Less TDO ---> more free tryptophan --> more serotonin --> more melatonin etc..
You understand? If you don't have the time to read the page, I have some quotes here.
"Components of the stress system such as norepinephrine (NE) and glucocorticoids appear to mediate a Th2 shift, while serotonin (5-HT) and melatonin might mediate a Th1 shift."
"Interestingly, some studies show that a hypoactive stress system may facilitate or sustain the Th1 shift in Th1-mediated diseases, such as rheumatoid arthritis "
"In summary, several immune-mediated diseases seem to be characterized by a multistep process resulting from complex interaction between predisposing genetic traits, infections, episodic and chronic activation of the neuroendocrine stress system and fluctuations in the Th1-Th2 system."
"Episodic or chronic activation of the neuroendocrine stress system due to several causes, including stressful events and intercurrent infections together with genetic polymorphisms and epigenetic factors, affects the Th2 response, while the Th2-to-Th1 switch has been in some cases linked to a hypoactive stress system."
"Chronic activation of the Th2-related stress system seems to lead to a Th1 switch with elevation of both Th1 and Th2 inflammatory cytokines that result in chronic systemic inflammation associated with a cluster of metabolic disturbances named metabolic syndrome, including arterial hypertension, dyslipidemia and obesity (specifically the visceral type), insulin resistance and/or diabetes type 2, in addition to endothelial inflammation and hypercoagulability of the blood [101]."

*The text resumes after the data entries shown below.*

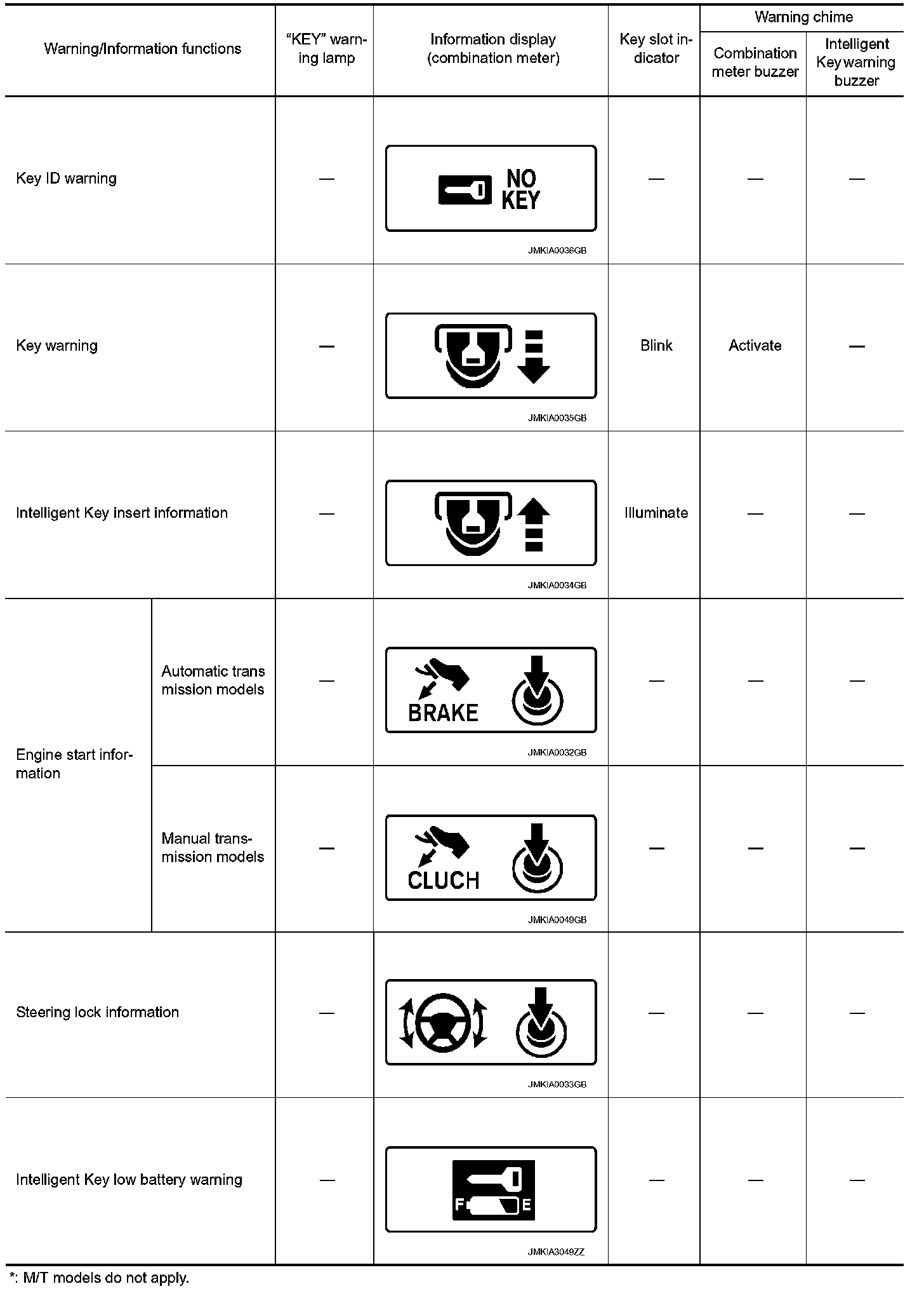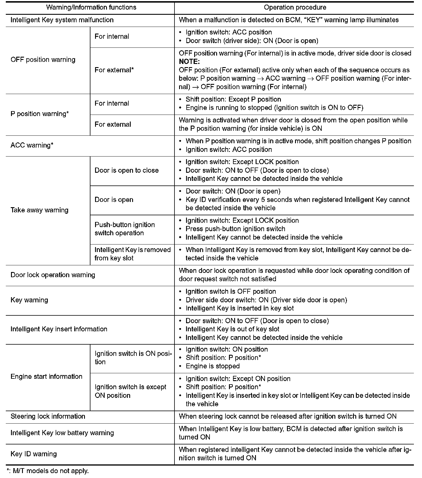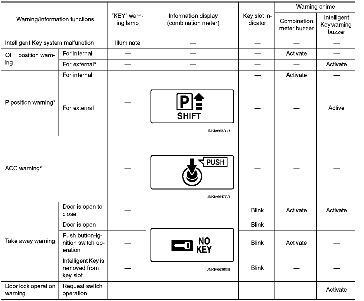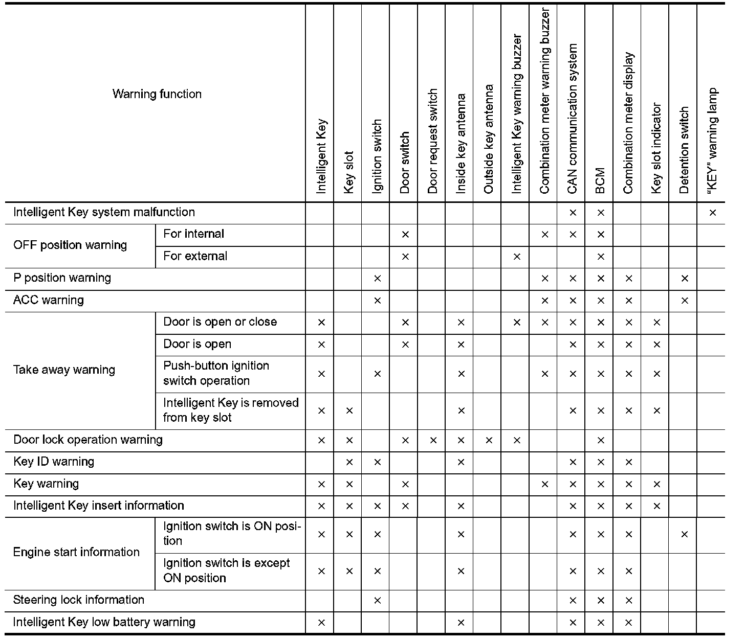 The warning function are as per the following items and are given to the user as warning information and warnings using combinations of Intelligent Key warning buzzer, combination meter buzzer, KEY warning lamp, key slot indicator and information display in combination meter.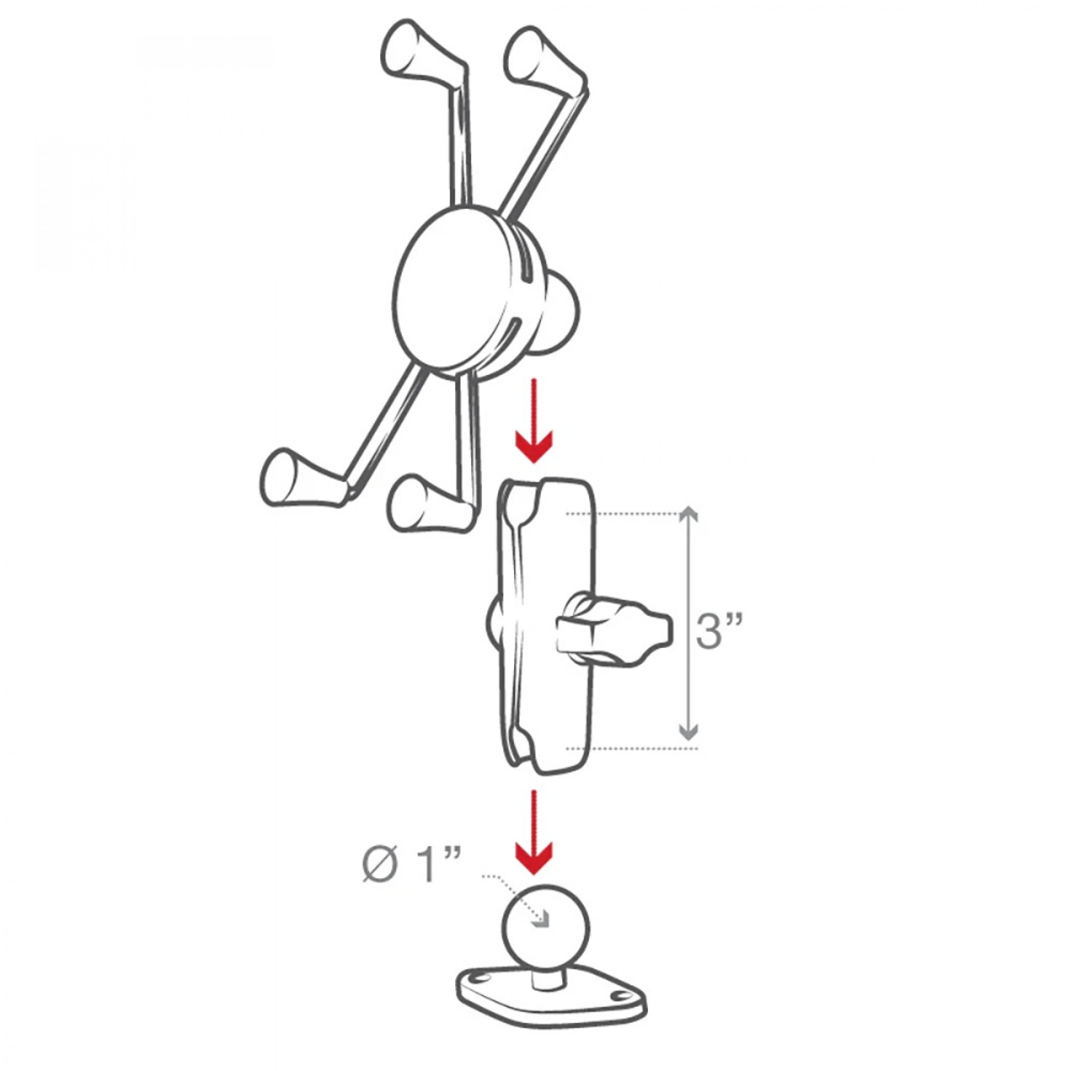 The popular spring-loaded RAM® X-Grip® phone holder features an 'X' design that expands and contracts to provide a perfect fit for your device, even if it's in a case. This large version of the RAM® X-Grip® fits phones ranging from 1.75" to 4.5" in width and keeps your device completely functional and accessible. The included diamond ball base features the industry-standard AMPS hole pattern, while RAM® ball and socket technology allows for near-infinite adjustability to achieve the ideal viewing angle, and helps to extend the life of your phone by providing shock and vibration damping. For outdoor applications, like being used as a motorcycle phone mount, the RAM® X-Grip® includes a device tether that is recommended for added security and peace of mind.
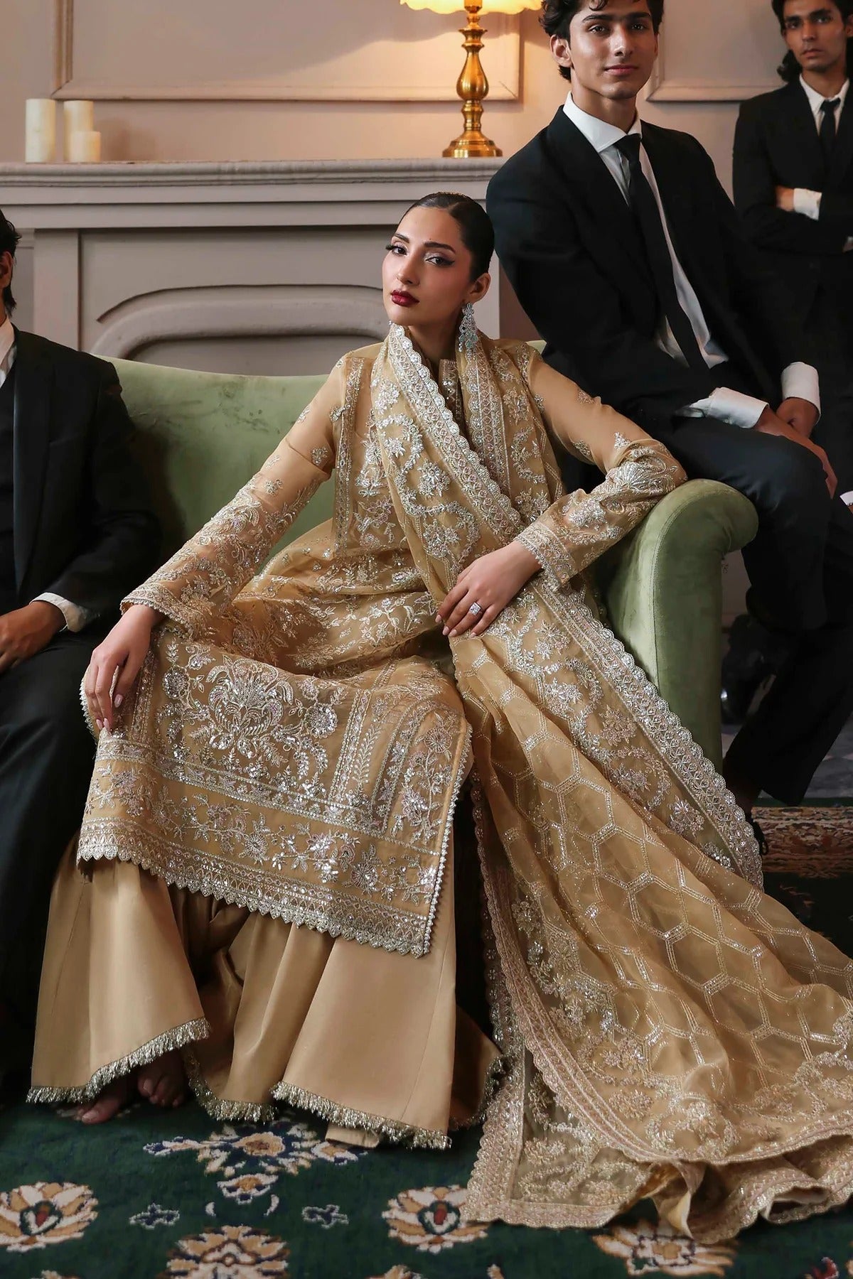 An opulent gold outfit adorned with detailed embroidery, reflecting grandeur at every glance. Its majestic aura is balanced with modern sophistication. A true couture piece made for regal celebrations.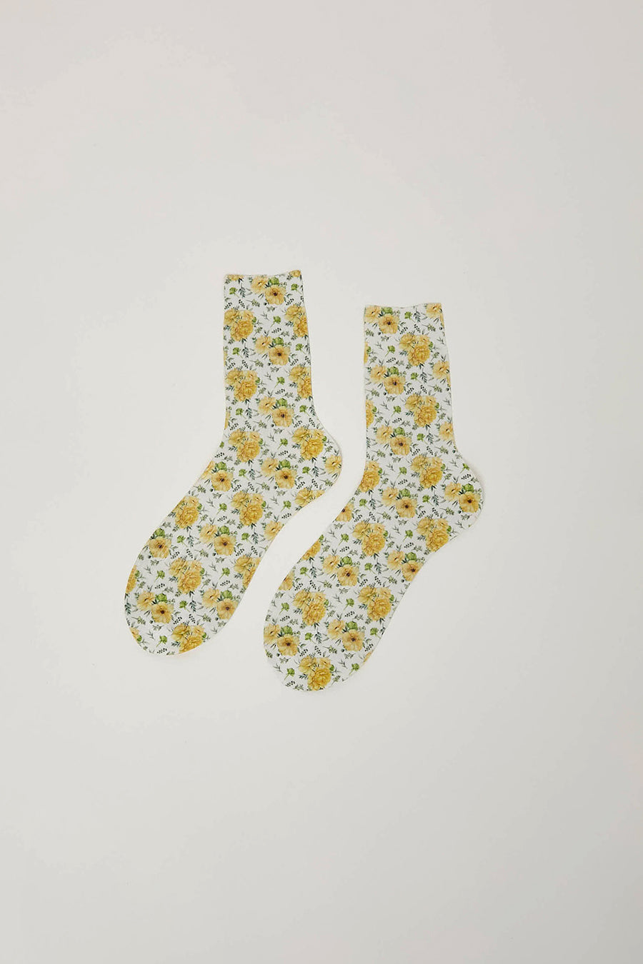 Maria La Rosa Spring Silk Ankle Socks in Yellow Flowers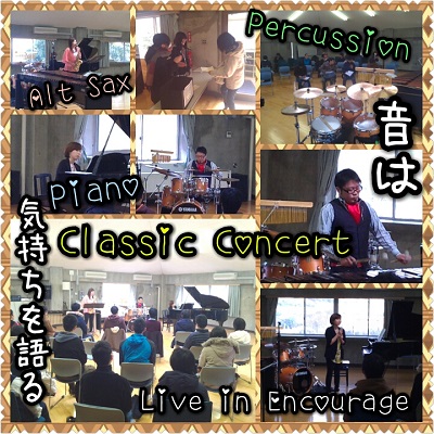 JUGEMテーマ:豊かな学びは夢を後押ししてくれる 昨日に引き続き、今日もエンカレには音が響きました。 エンカレは知育館、音楽室にクラシックコンサートを開催しました。 今日の奏者はプロとしても活躍されている音楽家の方々。 生徒は美しい音に酔いしれました。 ピアノ、アルトサックス、ドラム、マリンバの共演。 3人の奏者の一体感が伝わる、プレイは圧巻。 振動は鼓膜だけではなく心を揺さぶります。 受付は生徒がお手伝い。 笑顔で会場にご招待。 食い入るように見つめる生徒たち。 音にこめられた奏者の想い...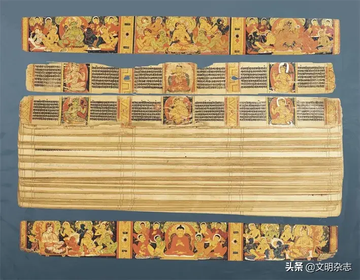 梵文《八千颂般若波罗蜜多经》,印度帕拉王朝11世纪后期,贝叶墨书彩绘,经夹板木质雕刻彩绘,山南雅砻历史博物馆藏。古代印度没有纸张,通常将经典书写在贝多罗(pattra)叶上,称为“贝叶经”。其形状为横条形,书写好后迭起,上下以木板夹住保护,称为“梵荚装”。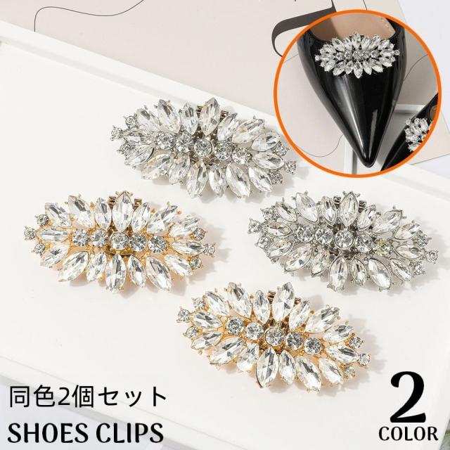 シューズクリップ 2個セット 1足分 シューズアクセサリー 靴飾り パンプス ラインストーン キラキラ 結婚式 卒業式 入学式

Dyslipidemia ---> I don't remember if I said before, but I have been reacting to "turkish coffee" pretty bad. I makes all my sympoms worse, plus gives me jitters. I don't get the same effects from even 6 cups of filter coffee a day. That's clearly a problem about cholesterol.
"So, depressive and anxiety syndromes seem to be mainly characterized by chronic hyposerotonergic state, HPA axis hyperactivation and Th2 shift. Nevertheless, other studies suggest an imbalance Th1/Th2 shifted towards Th1 in depression [267, 268]. In this regard, a dimensional approach could lead to further insight of the issue. In melancholic depression, condition in which patients have anxiety, insomnia, anorexia and circadian variation with worsening in the morning, appears to be associated with significantly higher CSF NE and plasma cortisol levels that are increased around the clock, with inappropriately high plasma ACTH and CSF CRH levels considering the degree of their hypercortisolism. These data suggest a central hyper-noradrenergic state in association to hyperfunction of central CRH pathway [269]; furthermore, the chronic hyper-noradrenergic state may drive the increase in systemic IL-6 levels, since NE up-regulates IL-6 production, and, theoretically, to a Th2 shift [1]. On the other hand, atypical depression, condition in which patients have hypersomnia, hyperphagia and fatigue, appears to be associated with a central hypo-noradrenergic state in association to hypofunction of central CRH pathway [270, 271] and so, hypothetically, to a Th1 shift. It is noteworthy that atypical depression, ideally characterized by Th1 shift,"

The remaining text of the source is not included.